◆ PROBLEM REQUIREMENTS
Print every entry word for word, but omit the pictures.
........
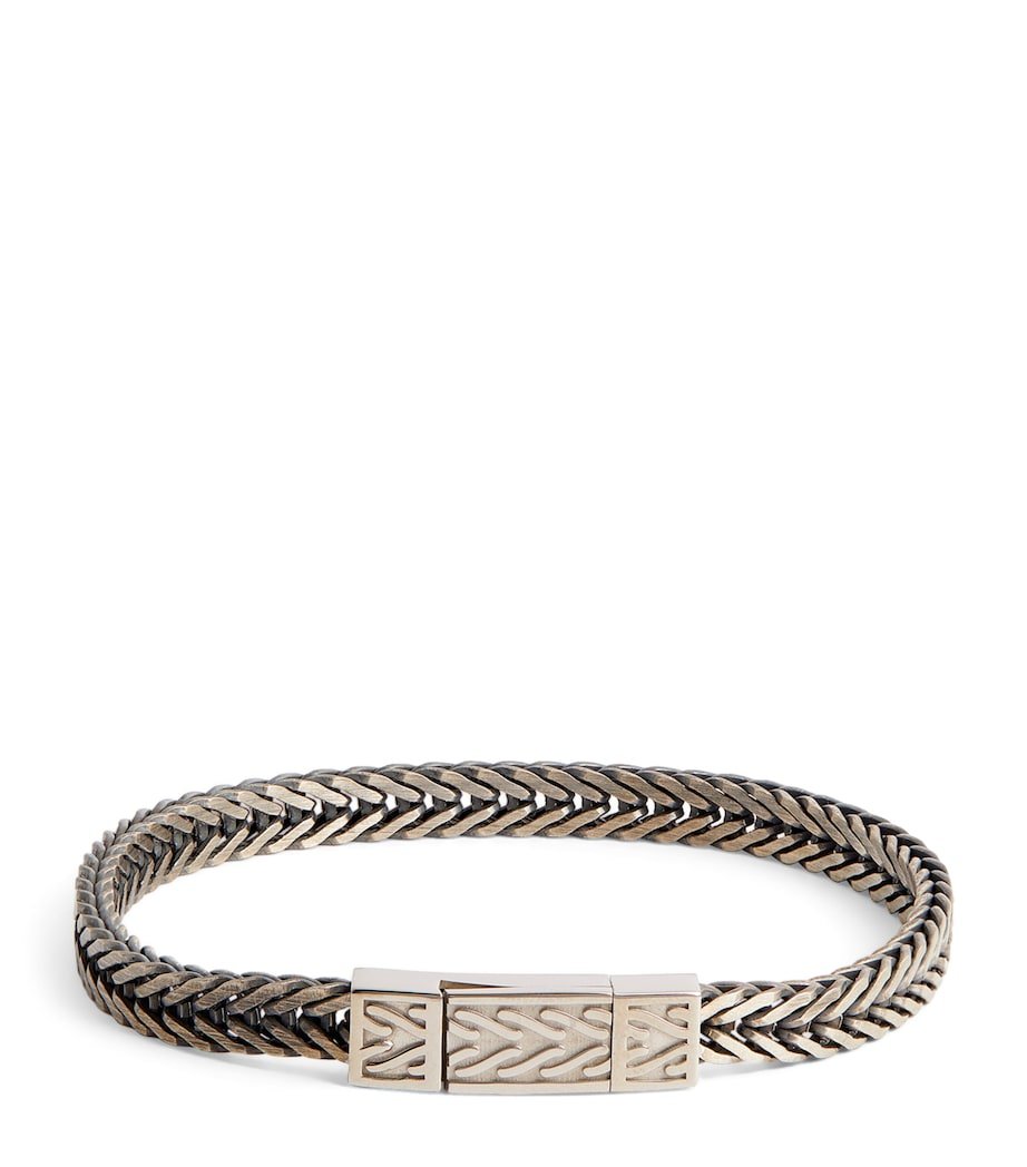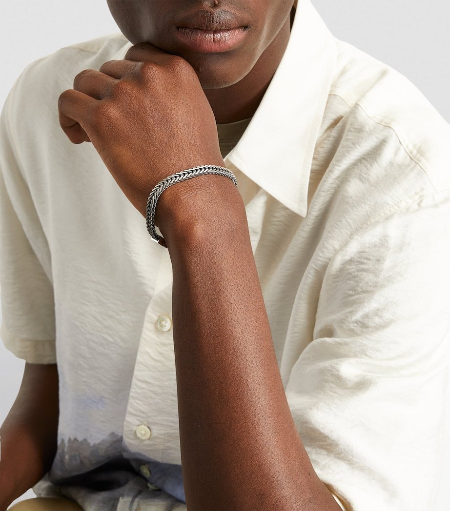 Ever the contemporary, Tateossian incorporates a unique herringbone pattern into the chain of this sterling silver bracelet. Its hand-carved clasp lends the perfect accompaniment to the geometric look, while a glimmering metallic profile affirms its stackable status.
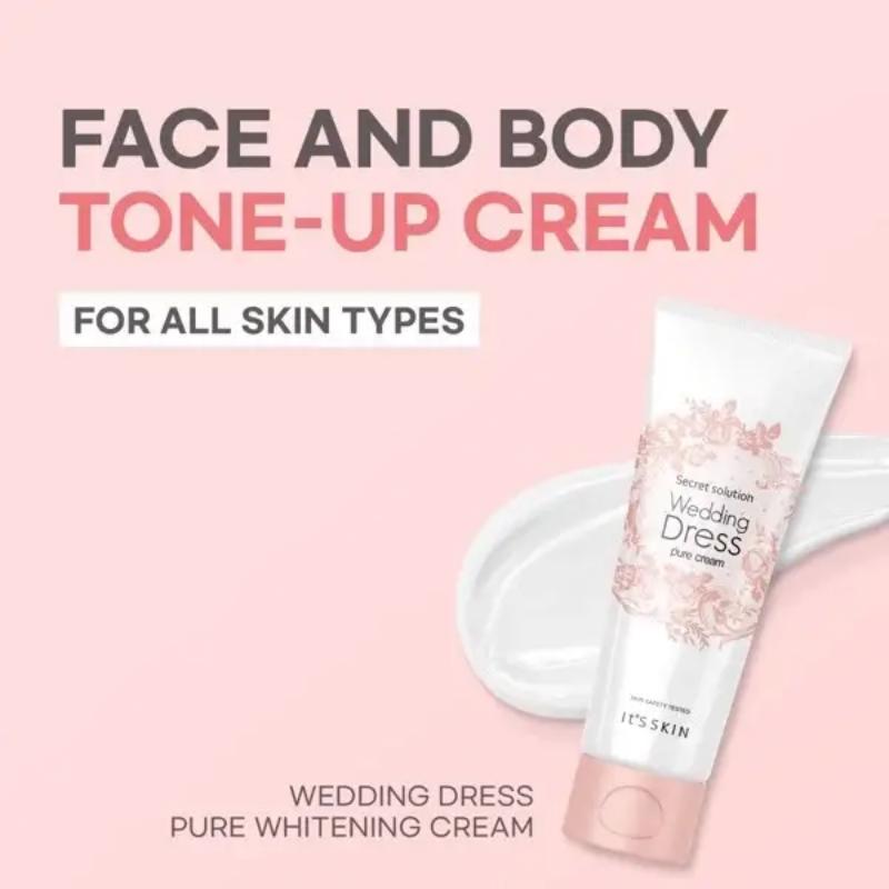 It's skin Secret Solution Wedding Dress Pure Cream — это осветляющий крем для лица и тела, который обеспечивает мгновенный эффект тонапа для естественно сияющего вида.. Обогащенный ниацинамидом и цветочными экстрактами, он выравнивает тон кожи, обеспечивая при этом увлажнение.. Идеально для ежедневного использования или особых случаев, чтобы улучшить цвет лица с мягким, сияющим финишем.
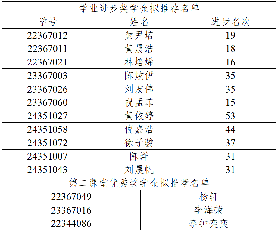 根据《党委学生工作部关于开展2024—2025学年本科生奖学金评选工作的通知》,按照全国学生资助管理中心的工作要求,结合我院实际,根据《中山大学本科生奖学金管理办法》(中大学生〔2023〕9号),《yl88858永利集团关于评选2024-2025学年中山大学专项奖学金的通知》,经个人申请、学院审核,拟推荐黄尹培等11人获学业进步奖学金,拟推荐李钟奕奕等3人获第二课堂优秀奖学金,现将具体名单予以公示。
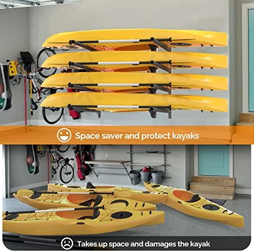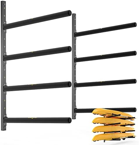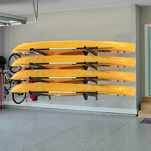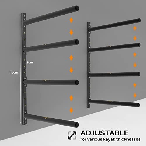 550LBS Weight Capacity --This kayak wall rack is made of durable corrosion and rust-resistant heavy-duty steel material with a grey color that can hold up to 138 lbs per level, up to 550 lbs total
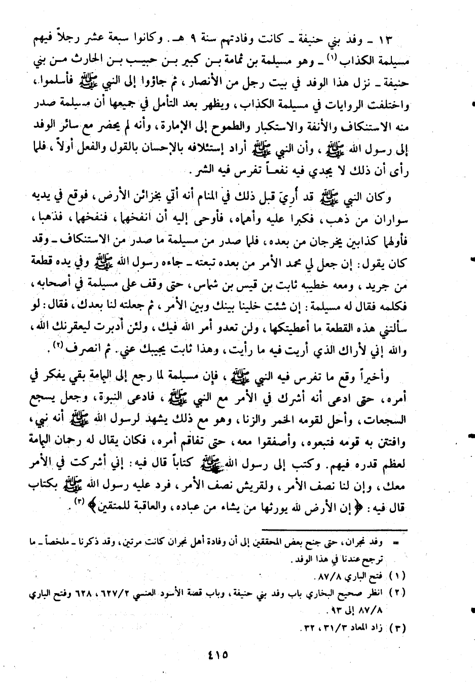 (2) انظر صحيح البخاري وفد بني حنيفة، وباب قصة الأسود العنسي 2/ 627، 628 وفتح الباري 8/ 87 إلى 93.
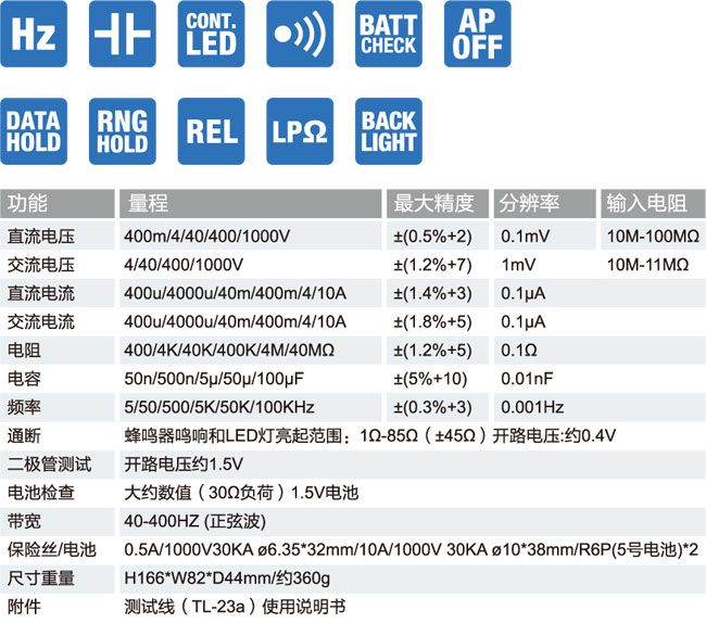 ■ 标配镀金表笔,防腐、防接触不良,提高测量的精度
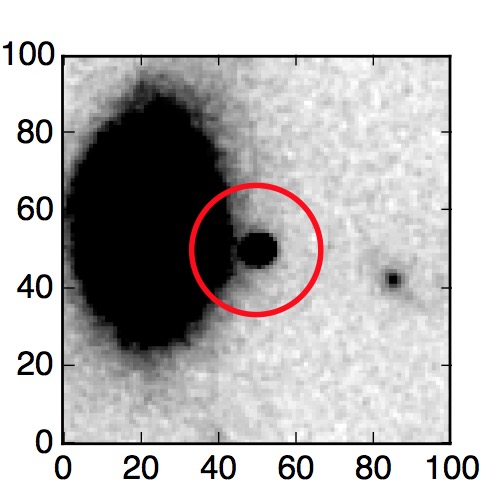 The red circle in the various panels is 1" in radius. The images are 6"x6".
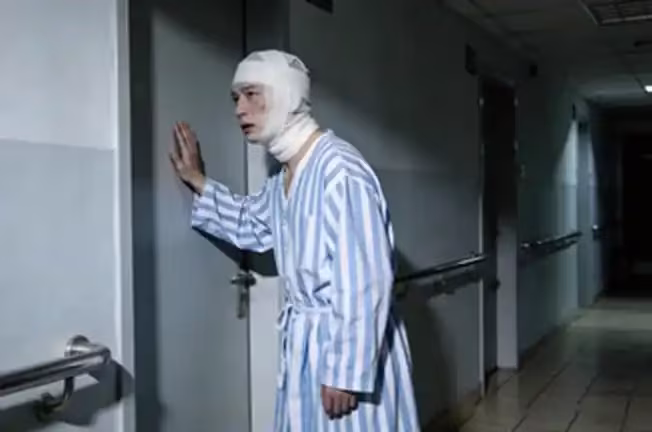 他穿著一身寬大的病號服,紗布從額頭一直纏到脖頸,只露出兩隻眼睛和一張沒有血色的嘴。
........
◆ OUTPUT OF THE EXERCISE
 Ever the contemporary, Tateossian incorporates a unique herringbone pattern into the chain of this sterling silver bracelet. Its hand-carved clasp lends the perfect accompaniment to the geometric look, while a glimmering metallic profile affirms its stackable status.
 It's skin Secret Solution Wedding Dress Pure Cream — это осветляющий крем для лица и тела, который обеспечивает мгновенный эффект тонапа для естественно сияющего вида.. Обогащенный ниацинамидом и цветочными экстрактами, он выравнивает тон кожи, обеспечивая при этом увлажнение.. Идеально для ежедневного использования или особых случаев, чтобы улучшить цвет лица с мягким, сияющим финишем.
 根据《党委学生工作部关于开展2024—2025学年本科生奖学金评选工作的通知》,按照全国学生资助管理中心的工作要求,结合我院实际,根据《中山大学本科生奖学金管理办法》(中大学生〔2023〕9号),《yl88858永利集团关于评选2024-2025学年中山大学专项奖学金的通知》,经个人申请、学院审核,拟推荐黄尹培等11人获学业进步奖学金,拟推荐李钟奕奕等3人获第二课堂优秀奖学金,现将具体名单予以公示。
 550LBS Weight Capacity --This kayak wall rack is made of durable corrosion and rust-resistant heavy-duty steel material with a grey color that can hold up to 138 lbs per level, up to 550 lbs total
 (2) انظر صحيح البخاري وفد بني حنيفة، وباب قصة الأسود العنسي 2/ 627، 628 وفتح الباري 8/ 87 إلى 93.
 ■ 标配镀金表笔,防腐、防接触不良,提高测量的精度
 The red circle in the various panels is 1" in radius. The images are 6"x6".
 他穿著一身寬大的病號服,紗布從額頭一直纏到脖頸,只露出兩隻眼睛和一張沒有血色的嘴。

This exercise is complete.